On August 26, 2019 7:31:54 AM CDT, Jean-Marc Pigeon via blfs-dev 
<[email protected]> wrote:
>Hello guys (Ken, DJ and Pierre),
>
>Thanks to have bring your "pint of brain juice".
>
>On 08/26/2019 01:50 AM, Pierre Labastie via blfs-dev wrote:
>> On 25/08/2019 21:49, Jean-Marc Pigeon via blfs-dev wrote:
>>> Hello guys (and girls).
>>>
>>> I need your wisdom... Let's share a pint of brain juice.
>>> Here's the drill.
>>>
>>> context:
>>> - LFS-9.0rc (linux 5.2.8, glibc-2.30, gcc-9.2.0)
>>> - I am able to build libreoffice-6.3.0.4 with all
>>>    bells and whistles
>>> (lets assume I didn't really goofed with the book directives).
>>>
>>> I am using zypper + rpm as my own packages management toolkit
>>> and rpm say:
>>>
>>> Error: Failed dependencies:
>>>      rtld(GNU_HASH) is needed by
>libreoffice-6.3.0.4-1.53.249.ok_9.0.x86_64
>>>
>>
>> rtld is the run time linker of glibc (the loader of .so libraries).
>It is
>> certainly installed on your system, otherwise nothing could run
>(unless you
>> have built everything statically). So, for some reason, it seems that
>glibc,
>> or part of glibc, is not known to rpm (I do not know much about rpm)
>on your
>> system. But in that case, it is amazing that you haven't seen that
>before.
>> Could it be that you have taken an rpm spec file from some distro,
>and that
>> you have omitted to remove some dep when editing it?
>
>About the drill, keep in mind,
>- the all smash (the >800 packages, glibc included) are
>   recompiled every time.
>   this means discrepancies between glibc and compiled binaries
>   seems to me hardly plausible.
>- The book directives are used within the "specs file" (build and
> install sequences), trying my best not to diverge from book directives
>   (using book patches, configure paramaters, etc.) Please see the
>   rpm specs file as MY shell/tool to build LFS+BLFS again and again.
>- In the building sequences the only package with this rtld report
>   is libreoffice.
>- libreoffice (as fare I can say) components, once installed, are
>   nicely working.
>- I am not building statically and not using libtools.
>
>- May be I was not specific enough in my original email, RTLD detection
>   show up in the RPM last building phase (the summary phase, saying,
>   here is the list of libraries needed when you will install packages)
>   and (obviously) it become a problem when RPM is used to install
>   the libroffice package
>
>

>My worry (Hoping to be paranoiac) and this concern the book:
>
>- When rpm is assembling all files (binaries, scripts, conf,
>   scripts) to do packaging, it scan all added files tracking
>  what is needed (ex: python, shell (zsh,...),  shared libraries, etc.)
>   and report it in the summary.
>   This means RPM is detecting something "unexpected".
>

Possibly, it it is configured to find a separate rtld instead of a glibc 
package. Doesn't really change the answer above.

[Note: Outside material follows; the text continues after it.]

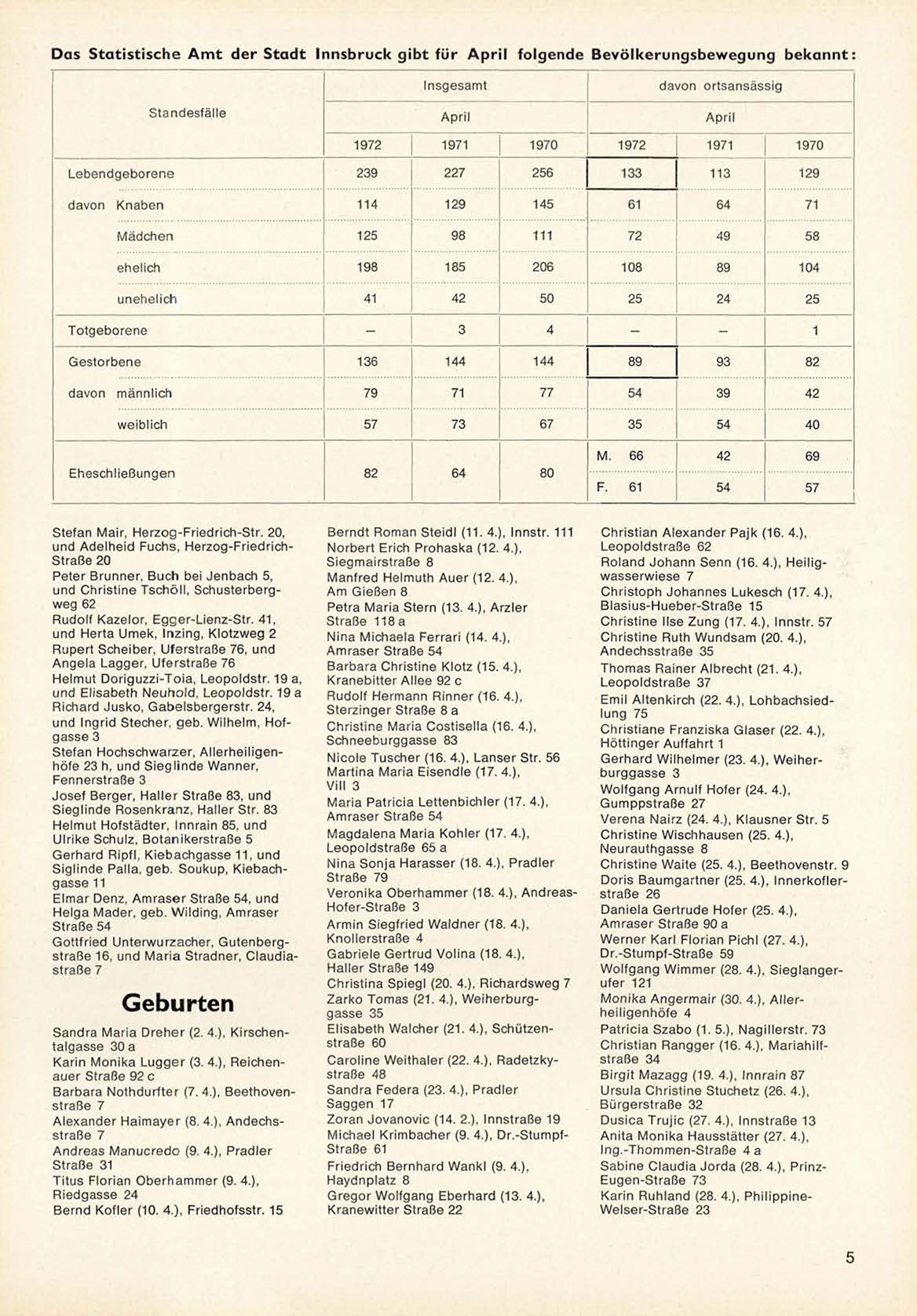 Das Statistische Amt der Stadt Innsbruck gibt für April folgende Bevölkerungsbewegung

>- Libreoffice Book directives are such, that 77 components are
>   added/downloaded within external/tarballs directory, this
>   between the configure phase and the build phase.
>   (please could you confirm this fact from your side).
>   We (the book) have no real control/say about those components
>   (version, contents, function).
>
>- It can not be excluded, there a real binary (trojan, virus,...)
>   included within the downloaded files. And this binary show
>   up on RPM scanning phase. Obviously libreoffice, in such case,
>   is fully functional.
>
>- That why, I am trying to track down the origin of the RTLD,
>    because if we have an embedded binary "expecting" a
>    usual/common/old glibc to be fully operational, then
>    RPM would have this behaviour.


That provides is in current Suse glibc rpms. I didn't check others (though 
should've I suppose).


>
>  - Please correct me if wrong, but current book directives
>    have no provision to detect such situation.
>
>  - So fare, I am not successful to track down the issue to
>    a single file, even worth, the "trouble" seems to be in every
>    libreoffice program.
>
>Do we agree?, libreoffice is the perfect candidate to be
>"adjusted" to carry nasty functionality?
>
>So guys, please tell me the rtld problem is an obvious/plain one
>and I am just a crazy paranoid.

It didn't just magically show up, something requested it. I suspect that this 
is a shipped spec, however. Again, this doesn't change the necessary fix. Grep 
through the entire source tree after the build, see if you can find that 
string. If so, create a patch and a patch with the patch in it for the LO 
source (and commands to apply during the build).